Scaling refers to the professional removal of soft plaque and hard calculus (tartar) deposits from the teeth and around the gum line. It is undertaken using hand instruments (scalers or curettes) and/or sonic/ultrasonic instruments which use high frequency vibrations to help remove these deposits from the tooth surface.
Root planing is really an extension of scaling which involves getting down further under the gum line to remove plaque and calculus from the tooth root surface. This is usually undertaken while the gum tissues are numb with dental anesthetic so that the treatment can be performed painlessly. Scaling and root planing aim to provide a clean smooth tooth and root surface in order that the gum tissue/ attachment has a chance to heal around the tooth. Both scaling and root planing are non-surgical treatments. Scaling and root planing may sometimes be combined with antibiotic treatment to assist in the management of the gum infection.
In certain circumstances, scaling and root planing alone may not be sufficient to deal with the periodontal disease, especially in patients who present with more severe periodontitis. Such patients will normally require further treatment in the form of periodontal surgery. Modern surgical treatments are generally minimally invasive and generally well tolerated by patients. There are a variety of surgical techniques used in the management of severe periodontitis each having their specific indications. Only a qualified periodontist has the specialist surgical skills to recommend and provide the periodontal surgery required for your specific circumstances.
Being able to clean your teeth properly is not necessarily as easy as it sounds. Being able to removal plaque from certain areas in you mouth can be challenging. Professional advice and the right tools for the job can go a long way to ensuring that the time you do spend cleaning your teeth and gums is time well spent. Here are some preliminary suggestions to get you started.
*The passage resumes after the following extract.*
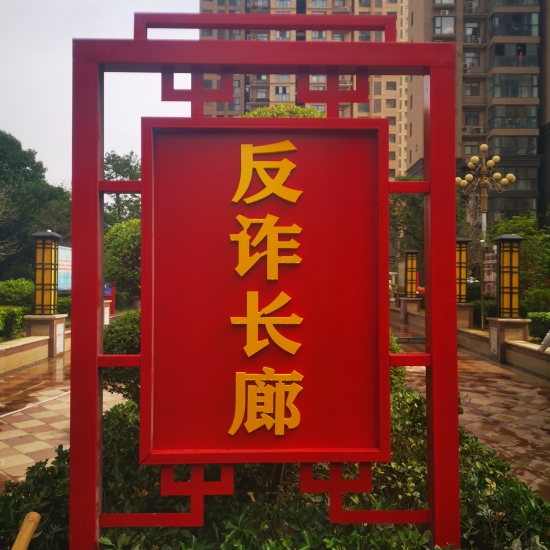 據(jù)介紹,“金色東方”小區(qū)建成于2014年,占地120畝,居住人口2516戶,共8176人。廣場是小區(qū)里最熱鬧的地方。這里不僅擺放著詐騙案例展板,而且LED大屏上反復播放“局長說反詐”視頻,時刻提醒居民繃緊防詐弦。通過張貼標語、擺放展板、播放視頻等形式,“金色東方”小區(qū)營造了全方位反詐的濃厚氛圍,基本達到“處處有提醒”的效果。據(jù)悉,2月份以來,該小區(qū)未發(fā)生一起電信網(wǎng)絡詐騙案件。
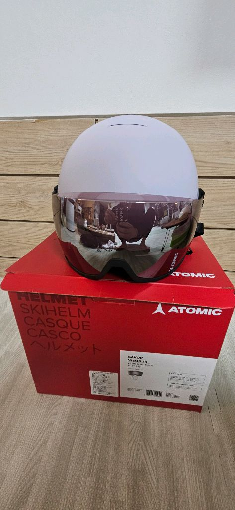 아토믹 사보어 주니어용 스키 헬멧과 바이저가 함께 있는 세트예요. 박스와 구성품 모두 깔끔한 상태이며, 아이 스키 입문용으로 딱 좋을 것 같아요!사이즈는 S입니다 기스없음

Brushing removes the sticky film of bacteria from the teeth and from around the gum line. A soft-bristled toothbrush that is in good condition is recommended. Electric toothbrushes can also be of tremendous benefit for many patients providing they are used appropriately. The use of toothpastes containing fluoride helps to strengthen the teeth and prevent decay. Certain toothpastes can also help reduce tooth sensitivity.
Dental floss or interdental brushes can be used to remove bacteria and food particles from between the teeth where a toothbrush can't reach. The early signs of gum disease (gingivitis) may be reversed by careful daily brushing and flossing. The use of interdental brushes requires instruction by a trained professional to prevent injury to the gum tissues and to ensure effective plaque removal.
Visiting your dentist or hygienist and having professional cleaning is important in the prevention of both tooth decay and periodontal diseases.